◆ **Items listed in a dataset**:
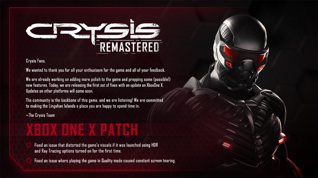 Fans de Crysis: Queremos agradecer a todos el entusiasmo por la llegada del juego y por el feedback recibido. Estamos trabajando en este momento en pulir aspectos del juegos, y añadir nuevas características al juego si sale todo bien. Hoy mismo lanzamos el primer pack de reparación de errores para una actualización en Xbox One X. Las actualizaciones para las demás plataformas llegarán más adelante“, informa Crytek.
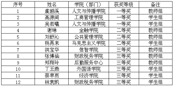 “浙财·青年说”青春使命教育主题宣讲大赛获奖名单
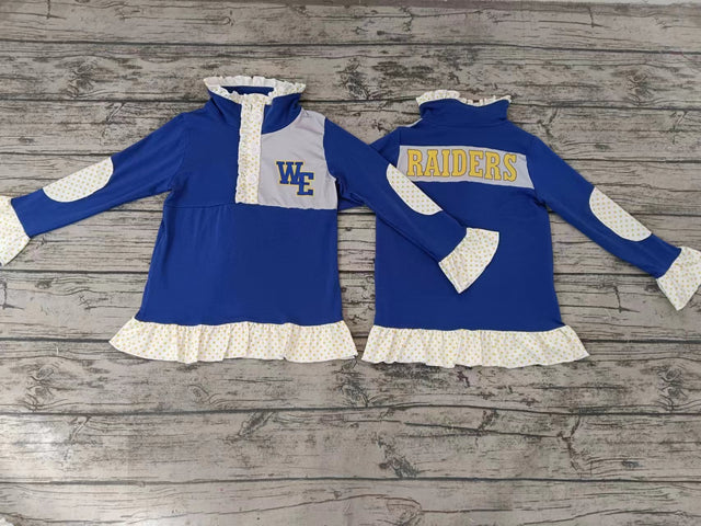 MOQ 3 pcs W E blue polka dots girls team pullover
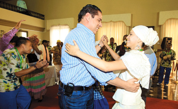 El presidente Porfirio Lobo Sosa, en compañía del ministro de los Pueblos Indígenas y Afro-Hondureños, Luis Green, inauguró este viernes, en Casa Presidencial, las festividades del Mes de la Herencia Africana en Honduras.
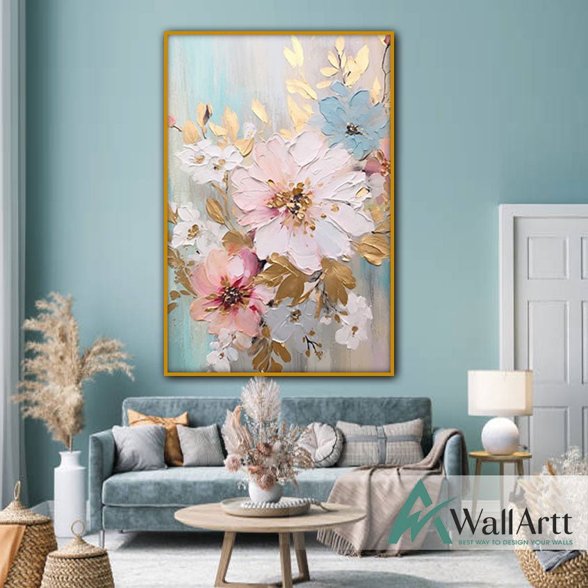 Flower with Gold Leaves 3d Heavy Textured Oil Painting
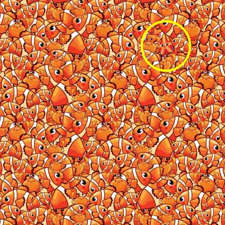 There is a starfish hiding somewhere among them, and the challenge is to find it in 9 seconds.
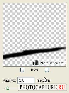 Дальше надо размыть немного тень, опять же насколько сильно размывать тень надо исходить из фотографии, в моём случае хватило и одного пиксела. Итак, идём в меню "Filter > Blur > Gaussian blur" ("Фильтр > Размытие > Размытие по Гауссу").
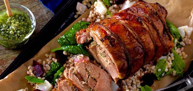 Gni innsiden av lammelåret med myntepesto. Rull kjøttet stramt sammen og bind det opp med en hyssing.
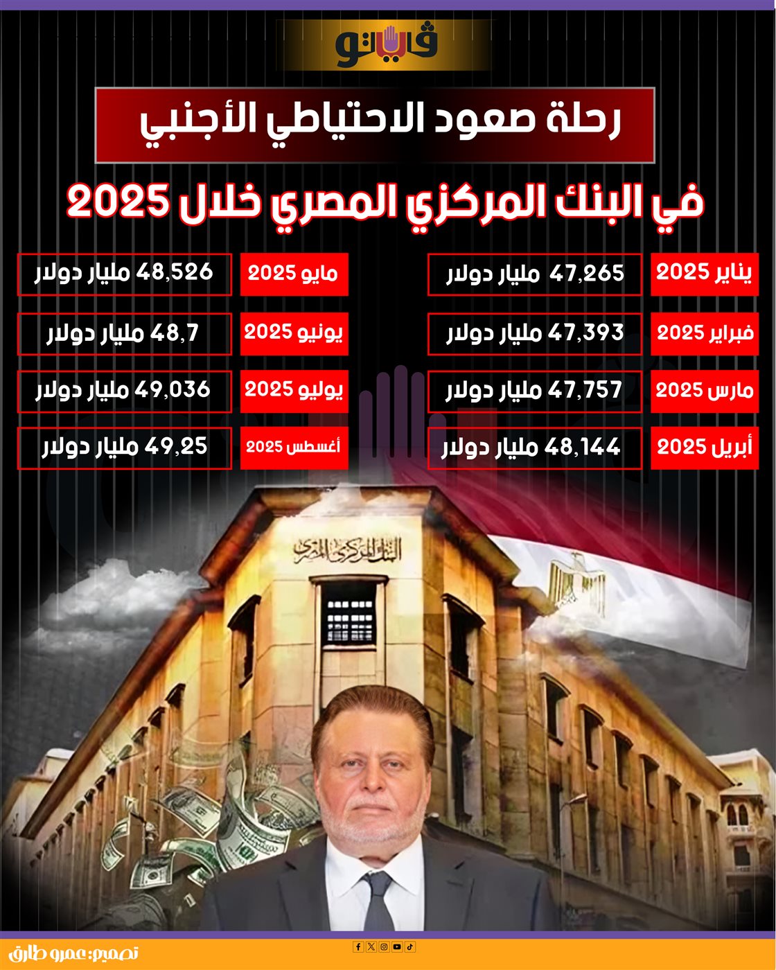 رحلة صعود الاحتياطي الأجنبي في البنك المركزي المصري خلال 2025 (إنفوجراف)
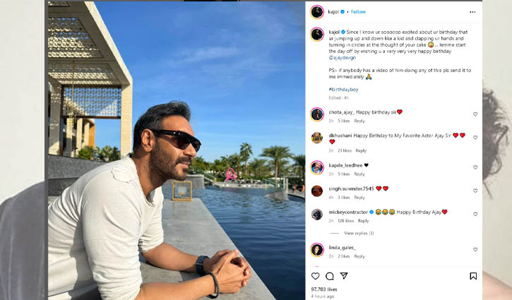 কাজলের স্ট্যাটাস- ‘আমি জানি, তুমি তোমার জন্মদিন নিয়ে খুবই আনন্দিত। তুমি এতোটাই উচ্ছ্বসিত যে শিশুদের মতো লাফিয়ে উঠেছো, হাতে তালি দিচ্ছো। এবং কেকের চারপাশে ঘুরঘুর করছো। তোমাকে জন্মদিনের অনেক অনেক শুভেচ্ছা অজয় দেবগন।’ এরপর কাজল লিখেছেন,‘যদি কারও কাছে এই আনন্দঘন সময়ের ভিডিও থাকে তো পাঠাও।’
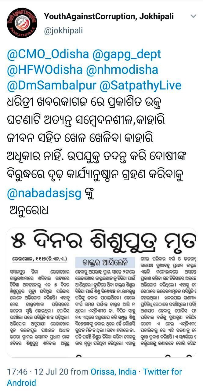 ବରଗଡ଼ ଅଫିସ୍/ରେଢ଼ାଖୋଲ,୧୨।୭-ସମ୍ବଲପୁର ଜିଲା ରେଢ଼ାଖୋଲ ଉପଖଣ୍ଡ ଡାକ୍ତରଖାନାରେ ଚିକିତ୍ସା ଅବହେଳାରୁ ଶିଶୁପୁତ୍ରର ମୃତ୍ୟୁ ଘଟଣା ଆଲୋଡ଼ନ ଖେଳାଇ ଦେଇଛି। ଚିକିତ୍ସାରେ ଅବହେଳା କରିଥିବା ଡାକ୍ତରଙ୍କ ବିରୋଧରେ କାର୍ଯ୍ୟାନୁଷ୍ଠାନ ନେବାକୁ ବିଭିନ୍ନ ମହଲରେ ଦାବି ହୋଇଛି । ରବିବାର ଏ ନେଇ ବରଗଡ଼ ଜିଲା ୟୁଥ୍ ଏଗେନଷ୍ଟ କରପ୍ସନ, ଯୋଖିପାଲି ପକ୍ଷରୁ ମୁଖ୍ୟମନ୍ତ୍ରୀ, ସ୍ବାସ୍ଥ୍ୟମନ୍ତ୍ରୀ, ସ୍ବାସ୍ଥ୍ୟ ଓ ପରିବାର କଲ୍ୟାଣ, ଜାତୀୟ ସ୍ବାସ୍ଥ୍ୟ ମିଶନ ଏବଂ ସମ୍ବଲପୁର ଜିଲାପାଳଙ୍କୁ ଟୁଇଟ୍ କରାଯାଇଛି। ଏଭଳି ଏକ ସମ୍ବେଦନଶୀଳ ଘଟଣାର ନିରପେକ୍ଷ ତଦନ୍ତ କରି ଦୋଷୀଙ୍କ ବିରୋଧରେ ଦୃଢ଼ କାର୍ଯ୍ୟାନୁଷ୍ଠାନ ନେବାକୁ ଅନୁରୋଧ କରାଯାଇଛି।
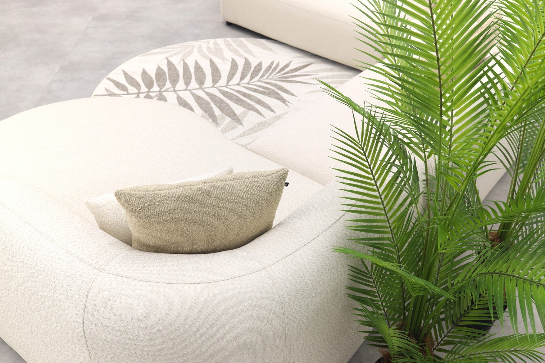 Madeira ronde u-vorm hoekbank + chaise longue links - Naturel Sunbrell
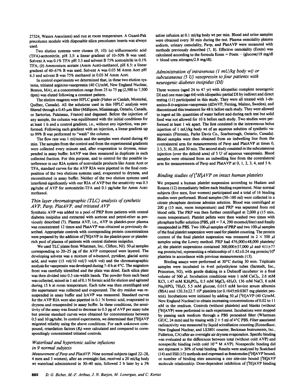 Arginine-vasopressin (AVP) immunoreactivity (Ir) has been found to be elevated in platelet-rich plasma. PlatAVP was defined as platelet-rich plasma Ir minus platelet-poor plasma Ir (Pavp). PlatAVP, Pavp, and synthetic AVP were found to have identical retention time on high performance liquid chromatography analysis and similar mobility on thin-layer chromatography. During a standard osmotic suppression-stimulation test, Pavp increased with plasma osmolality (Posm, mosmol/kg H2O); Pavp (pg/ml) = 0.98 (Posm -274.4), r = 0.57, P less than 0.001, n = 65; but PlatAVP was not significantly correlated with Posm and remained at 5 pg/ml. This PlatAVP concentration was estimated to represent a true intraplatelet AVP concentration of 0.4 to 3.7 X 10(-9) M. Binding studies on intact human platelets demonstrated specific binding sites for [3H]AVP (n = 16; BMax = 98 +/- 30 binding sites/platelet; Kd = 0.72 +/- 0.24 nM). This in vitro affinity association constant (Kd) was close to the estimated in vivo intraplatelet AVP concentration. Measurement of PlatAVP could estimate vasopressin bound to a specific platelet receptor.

◆ **What the task requires**: Go to the line above that has "El presidente Porfirio" and copy exactly from there down to the line that has "رحلة صعود الاحتياطي", both included. Leave the pictures out.

◆ **Response area**:
 El presidente Porfirio Lobo Sosa, en compañía del ministro de los Pueblos Indígenas y Afro-Hondureños, Luis Green, inauguró este viernes, en Casa Presidencial, las festividades del Mes de la Herencia Africana en Honduras.
 Flower with Gold Leaves 3d Heavy Textured Oil Painting
 There is a starfish hiding somewhere among them, and the challenge is to find it in 9 seconds.
 Дальше надо размыть немного тень, опять же насколько сильно размывать тень надо исходить из фотографии, в моём случае хватило и одного пиксела. Итак, идём в меню "Filter > Blur > Gaussian blur" ("Фильтр > Размытие > Размытие по Гауссу").
 Gni innsiden av lammelåret med myntepesto. Rull kjøttet stramt sammen og bind det opp med en hyssing.
 رحلة صعود الاحتياطي الأجنبي في البنك المركزي المصري خلال 2025 (إنفوجراف)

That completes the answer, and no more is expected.